An exact copy is needed of the lines in the entries below from the line with "1. Только в" up to and including the line with "1階のトイレは小便器を併設す", and of nothing else. Leave the pictures out.

[[ SUPPLIED RECORDS, beginning ]]

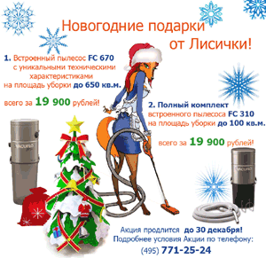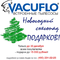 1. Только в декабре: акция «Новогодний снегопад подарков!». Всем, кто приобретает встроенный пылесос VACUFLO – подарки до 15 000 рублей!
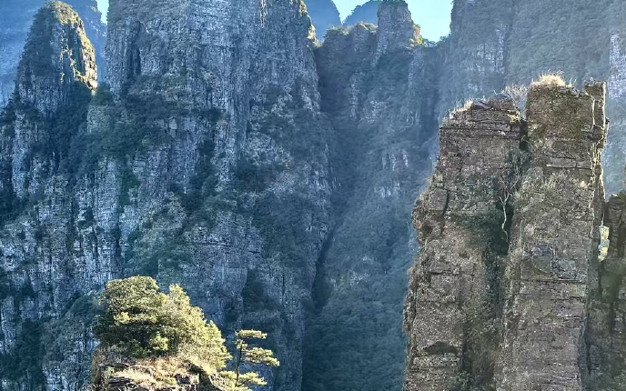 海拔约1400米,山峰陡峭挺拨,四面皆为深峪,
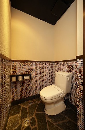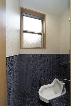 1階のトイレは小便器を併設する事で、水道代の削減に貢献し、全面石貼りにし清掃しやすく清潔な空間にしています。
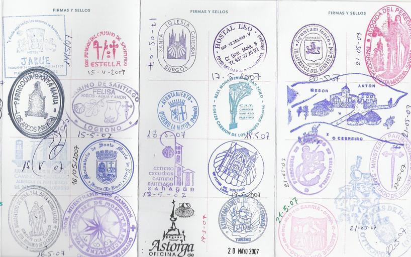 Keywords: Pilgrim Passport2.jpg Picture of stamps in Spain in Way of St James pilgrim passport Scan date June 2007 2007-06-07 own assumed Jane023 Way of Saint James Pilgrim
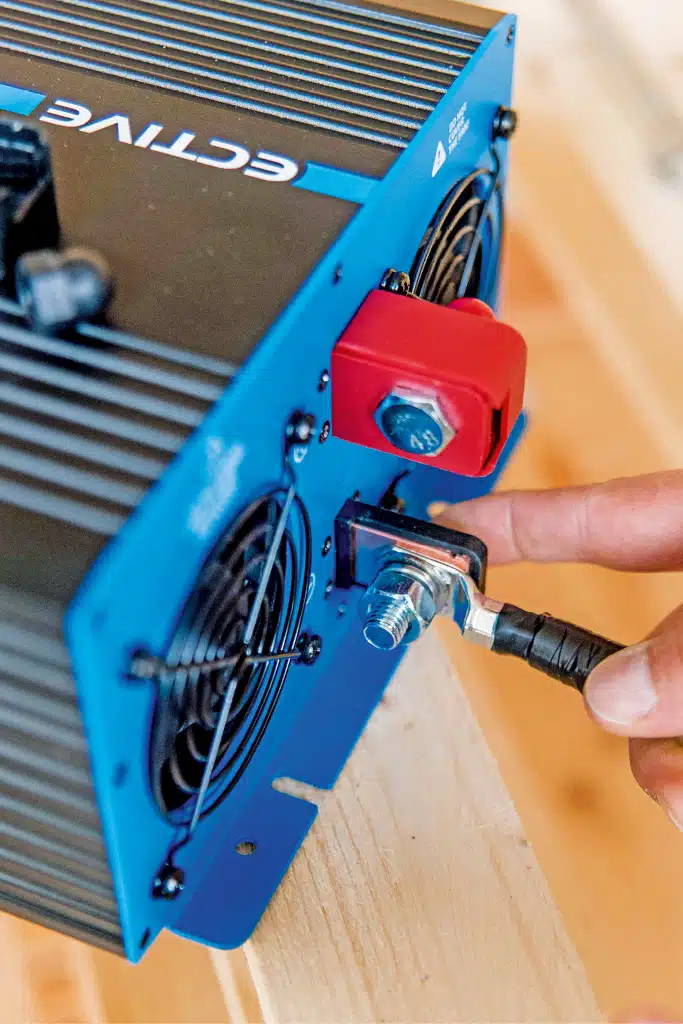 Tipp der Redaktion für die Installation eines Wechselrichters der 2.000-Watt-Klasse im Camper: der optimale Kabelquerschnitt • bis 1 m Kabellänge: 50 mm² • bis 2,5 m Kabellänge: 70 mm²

[[ SUPPLIED RECORDS, end ]]
[[ SUPPLIED RECORDS, beginning ]]

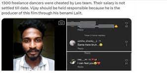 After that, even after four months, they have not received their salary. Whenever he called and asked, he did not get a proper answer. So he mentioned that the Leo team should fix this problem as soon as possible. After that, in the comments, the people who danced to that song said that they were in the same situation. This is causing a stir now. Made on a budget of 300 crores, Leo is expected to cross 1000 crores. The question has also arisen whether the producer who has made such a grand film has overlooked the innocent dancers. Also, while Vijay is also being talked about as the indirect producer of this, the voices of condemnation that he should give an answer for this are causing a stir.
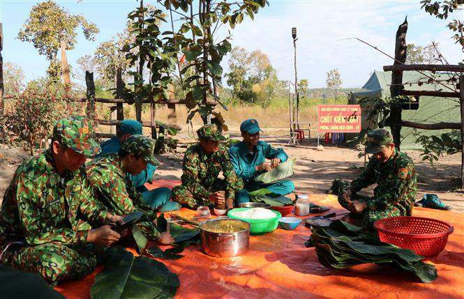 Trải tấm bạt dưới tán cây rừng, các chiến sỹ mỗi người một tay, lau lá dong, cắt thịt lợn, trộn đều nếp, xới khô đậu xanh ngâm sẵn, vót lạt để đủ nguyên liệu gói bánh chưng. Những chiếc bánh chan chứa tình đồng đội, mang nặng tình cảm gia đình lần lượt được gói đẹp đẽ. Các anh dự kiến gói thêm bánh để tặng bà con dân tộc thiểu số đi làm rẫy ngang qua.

[[ SUPPLIED RECORDS, end ]]

ANSWER TO THE PROBLEM:
 1. Только в декабре: акция «Новогодний снегопад подарков!». Всем, кто приобретает встроенный пылесос VACUFLO – подарки до 15 000 рублей!
 海拔约1400米,山峰陡峭挺拨,四面皆为深峪,
 1階のトイレは小便器を併設する事で、水道代の削減に貢献し、全面石貼りにし清掃しやすく清潔な空間にしています。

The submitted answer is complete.